Regulation A+ is a U.S. Securities and Exchange Commission (SEC) exemption that allows private companies to raise capital from the general public.
The primary distinction between the two tiers lies in their regulatory requirements. Tier 1 offerings require SEC and state securities regulator (or "blue sky") qualification, but have no ongoing reporting obligations post-offering beyond standard material event disclosures. Tier 2 offerings are preempted from state review, simplifying the process for national offerings, but impose significant ongoing reporting duties. These include filing annual, semiannual, and current event reports with the SEC, similar to a public company, and requiring audited financial statements. Tier 2 also limits the amount non-accredited investors can invest to no more than 10% of their annual income or net worth.

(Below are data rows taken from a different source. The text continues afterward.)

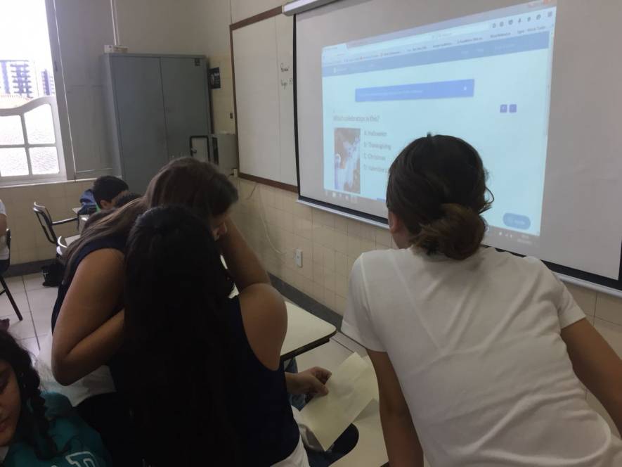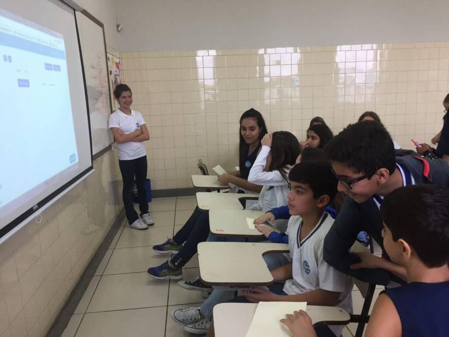 Blended Learning no 6º ano! Os alunos fizeram um teste de inglês diferente, na manhã de 14 de novembro. Usando o aplicativo Plickers, organizaram-se em grupos e responderam as perguntas por meio dos Cards fornecidos pelo aplicativo e, com o celular, a professora registrou as respostas. Foi uma aula diferente, produtiva e animada!
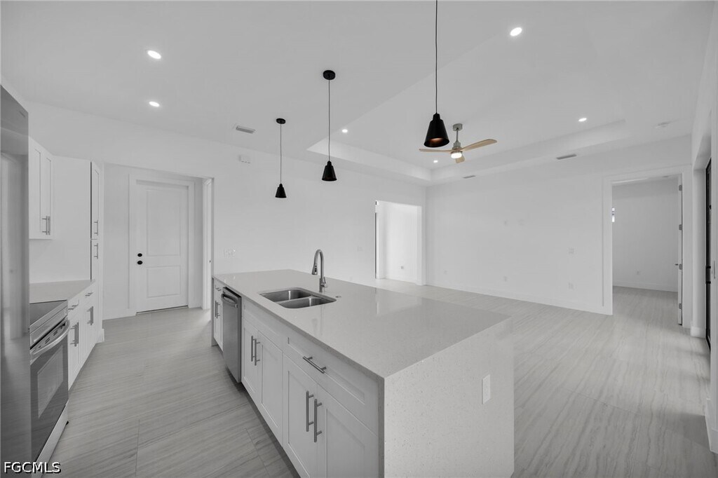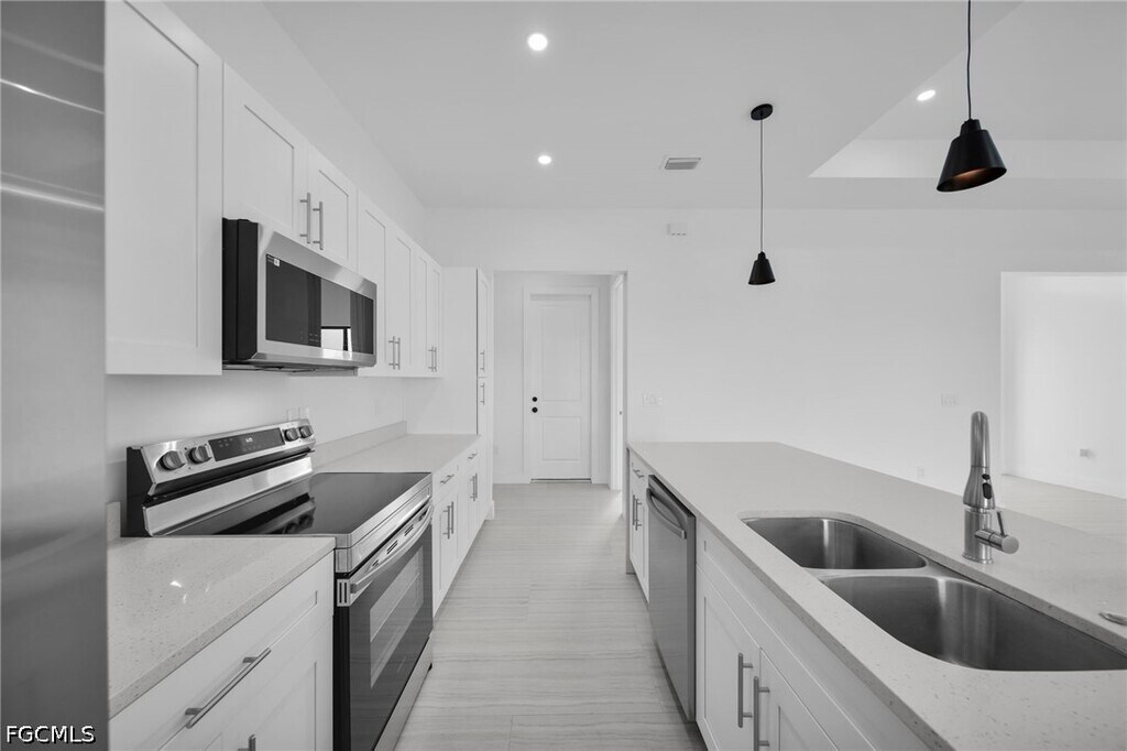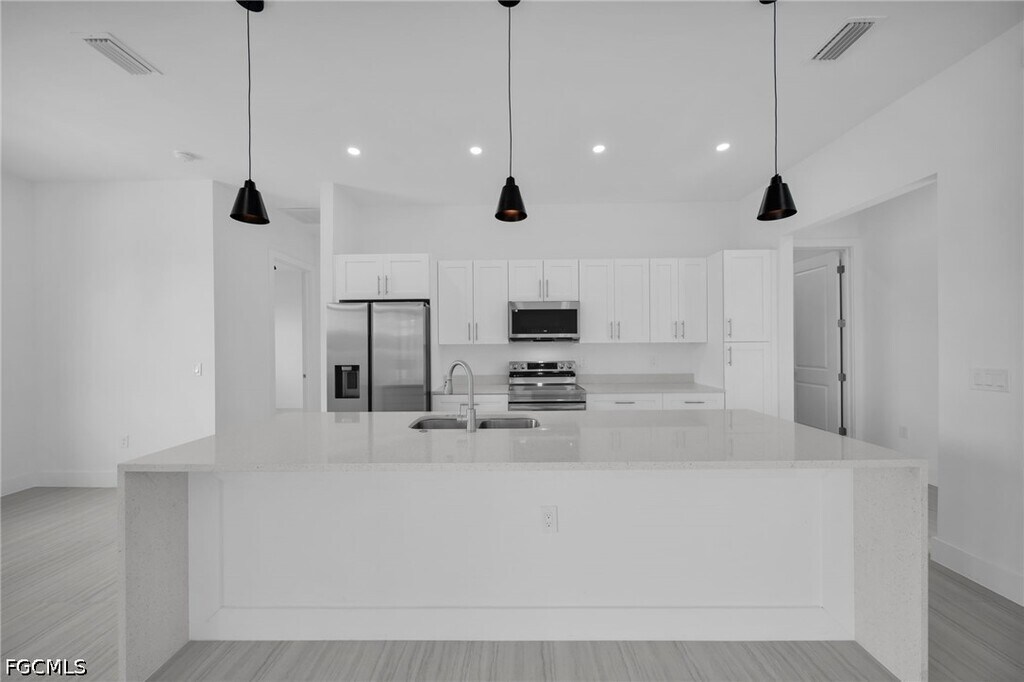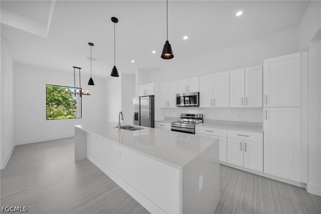 Be the first family to occupy this new construction pool home! With 4 bedrooms and 3 bathrooms,this home is perfect for any size family. Located in the Gator Circle neighborhood of Cape Coral,short driving distance to schools,parks and groceries stores. Modern finishes throughout the home include porcelain tile,quartz,wood shaker cabinets and stainless-steel appliances. The backyard is perfect for entertaining,with a spacious lanai,outdoor bar and sink and pool. This home is ready for immediate occupancy,schedule your private showing today!
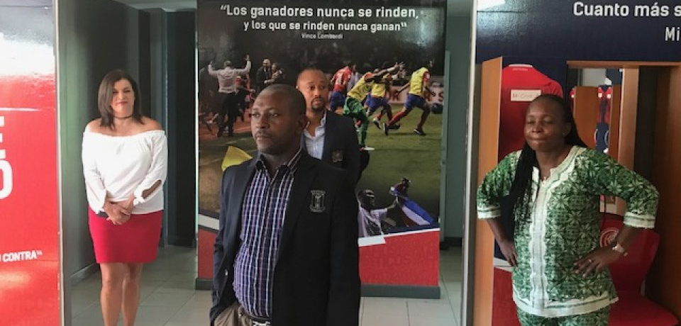 Tras su caluroso recibimiento en las instalaciones del Complejo Deportivo de la FEDEFUTBOL PLYCEM, acompañados en todo momento de la mano de la Jefa de Prensa Deportiva del país, la prestigiosa periodista Doña Adriana Duran; la Delegación Ecuatoguineana recorrió todas las instalaciones al tiempo que fue informada del nacimiento del proyecto de construcción del Complejo PLYCEM, el cual a su vez cobra vida gracias al macro proyecto Goal de la Federación Internacional de Fútbol Asociación, programa de desarrollo creado desde 1999, por iniciativa de la Presidencia de la FIFA, en beneficio de las Federaciones de Fútbol con necesidades específicas en áreas tales como la Administración, Capacitación, Formación e Infraestructuras entre otras.
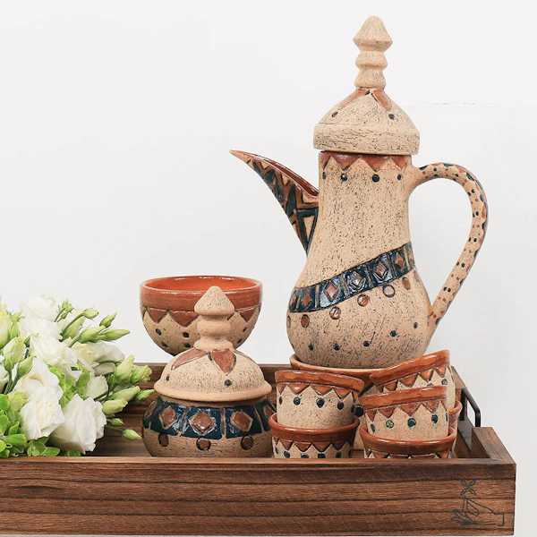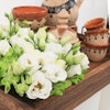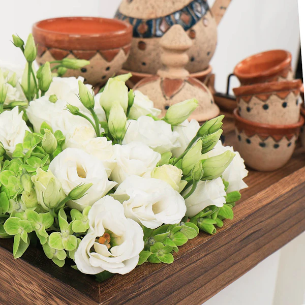 تنسيق يحتوي على زهور الايستوما البيضاء مع الهايدرنجا الخضراء وطقم القهوه السعوديه المصنوع من الفخار اليدوي

For blockchain and crypto projects, Reg A+ has been a pivotal, though challenging, pathway to tokenize real-world assets (RWA) and offer security tokens to a broad investor base. It provides a compliant framework for a public securities offering where the digital asset represents an investment contract. Successful examples include offerings for tokenized real estate and revenue-sharing agreements. The process requires filing an Offering Circular (Form 1-A) with the SEC for qualification, which is subject to review and comment, making it a more transparent but rigorous alternative to a Regulation D private placement.
Etymology and Origin
The term 'Regulation A+' refers to a modernized securities exemption created by the U.S. Securities and Exchange Commission (SEC). Its name and structure are derived from its predecessor, Regulation A, which was significantly expanded by the 2012 JOBS Act.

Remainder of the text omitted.